EXERCISE OBJECTIVE =>
The copy you produce must hold every record exactly, and none of the images.

================

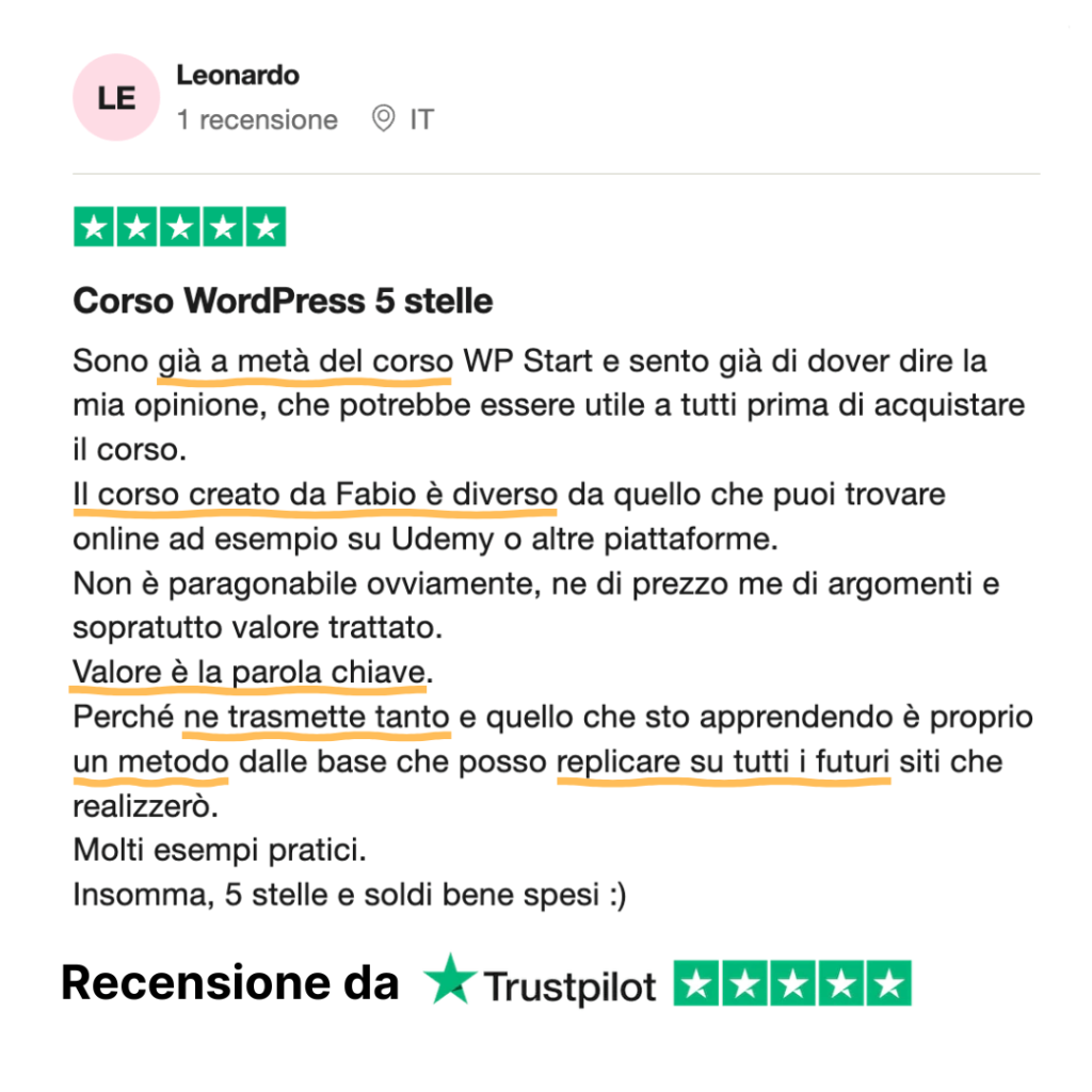 Ottimo il corso WP-Start, chiaro e sempre aggiornato 5 stelle meritate!
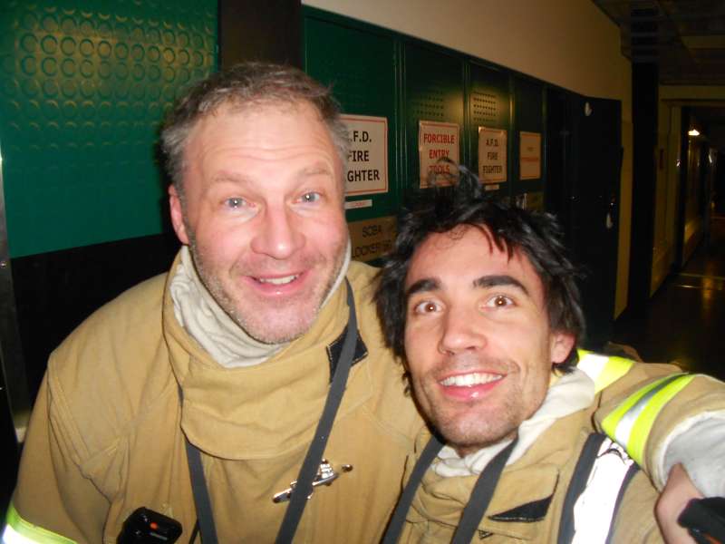 Sven (compañero del proyecto IceCube) y Carlos tras terminar uno de los entrenamientos antiincendios
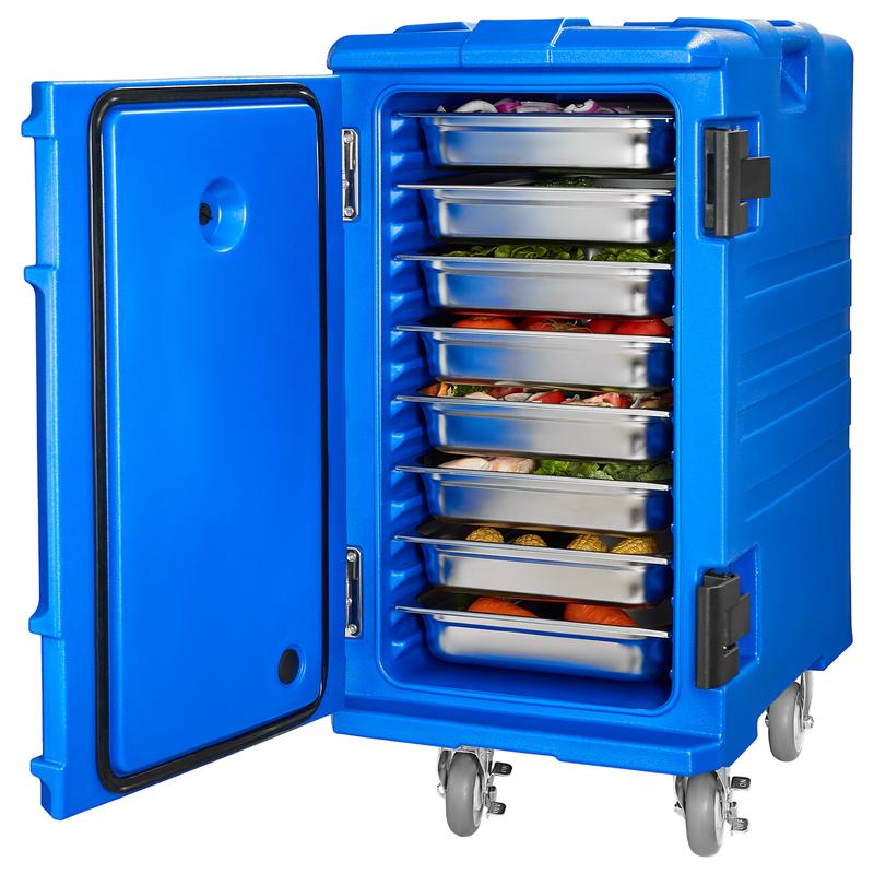 The hot box for catering has a spacious interior, measuring 21.65"x13"x25.2" (55x33x64 cm). It holds up to 127 quarts (120 L) and eight 2.5" (6.5 cm) pans. Food pans are not included. This carrier meets menu demands, transporting large amounts of food efficiently.
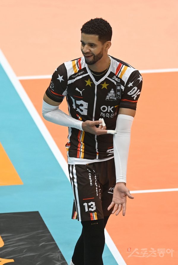 30일 의정부체육관에서 열린 ‘2022~2023 도드람 V-리그’ 남자부 KB손해보험과 OK금융그룹 경기에서 OK금융그룹 레오가 블로킹 득점에 성공한 후 기뻐하고 있다.
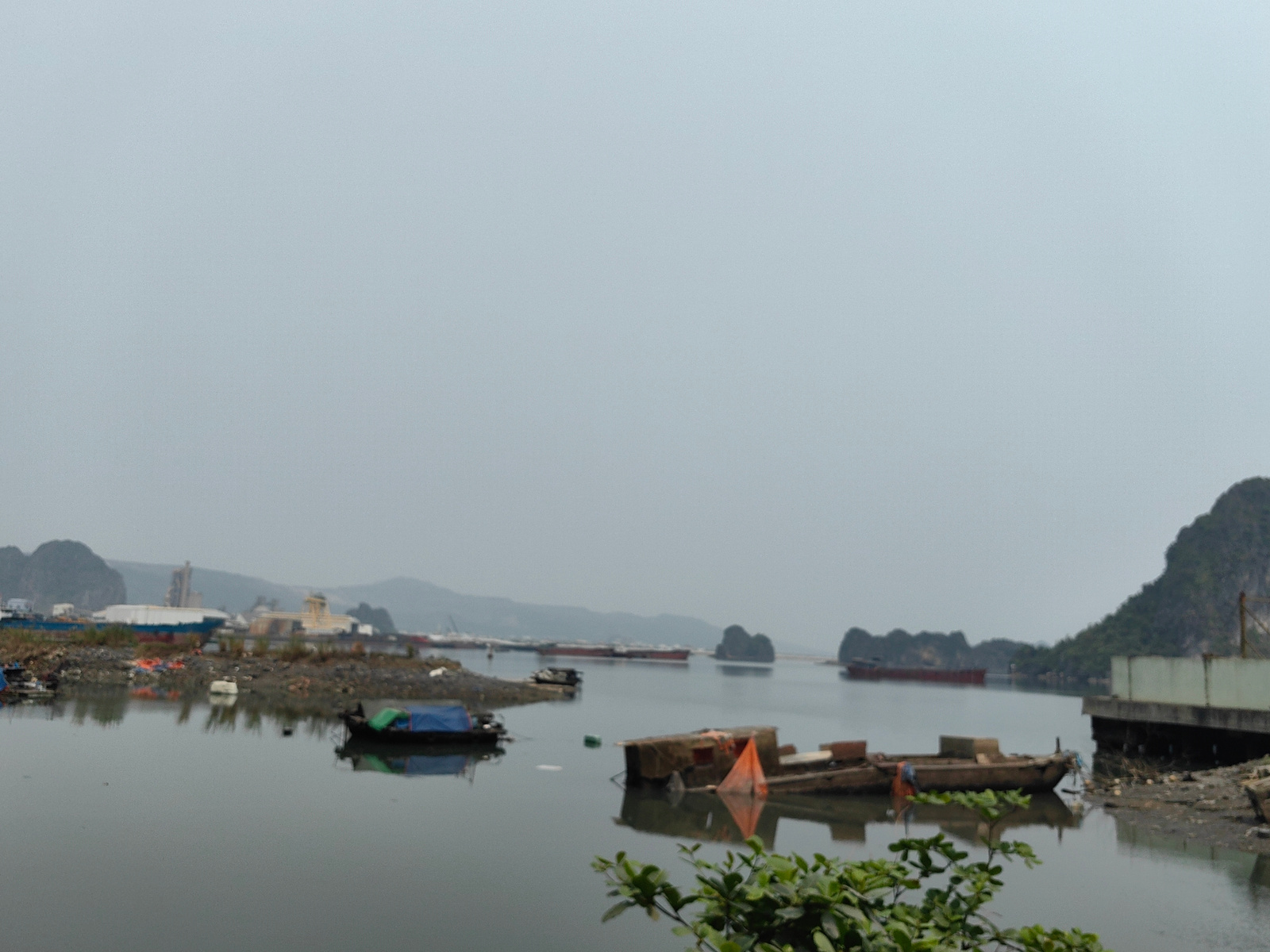 The image depicts a waterway scene in Quang Hanh Ward, Vietnam. Several small boats are docked along the shoreline. In the background, there are industrial structures and distant land formations. The…read more
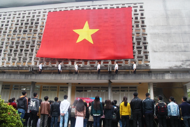 Trường ĐH Sư phạm - ĐH Huế trong một lần tiếp nhận những lá cờ Tổ quốc gửi về tặng Trường Sa và Lý Sơn
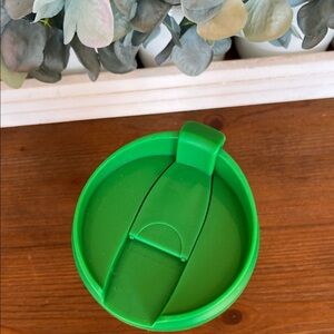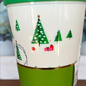 Kate Spade New York Festive travel mug. Features a vibrant green lid and whimsical design on a white base.

================

OUTPUT FOR THIS TASK =>
 Ottimo il corso WP-Start, chiaro e sempre aggiornato 5 stelle meritate!
 Sven (compañero del proyecto IceCube) y Carlos tras terminar uno de los entrenamientos antiincendios
 The hot box for catering has a spacious interior, measuring 21.65"x13"x25.2" (55x33x64 cm). It holds up to 127 quarts (120 L) and eight 2.5" (6.5 cm) pans. Food pans are not included. This carrier meets menu demands, transporting large amounts of food efficiently.
 30일 의정부체육관에서 열린 ‘2022~2023 도드람 V-리그’ 남자부 KB손해보험과 OK금융그룹 경기에서 OK금융그룹 레오가 블로킹 득점에 성공한 후 기뻐하고 있다.
 The image depicts a waterway scene in Quang Hanh Ward, Vietnam. Several small boats are docked along the shoreline. In the background, there are industrial structures and distant land formations. The…read more
 Trường ĐH Sư phạm - ĐH Huế trong một lần tiếp nhận những lá cờ Tổ quốc gửi về tặng Trường Sa và Lý Sơn
 Kate Spade New York Festive travel mug. Features a vibrant green lid and whimsical design on a white base.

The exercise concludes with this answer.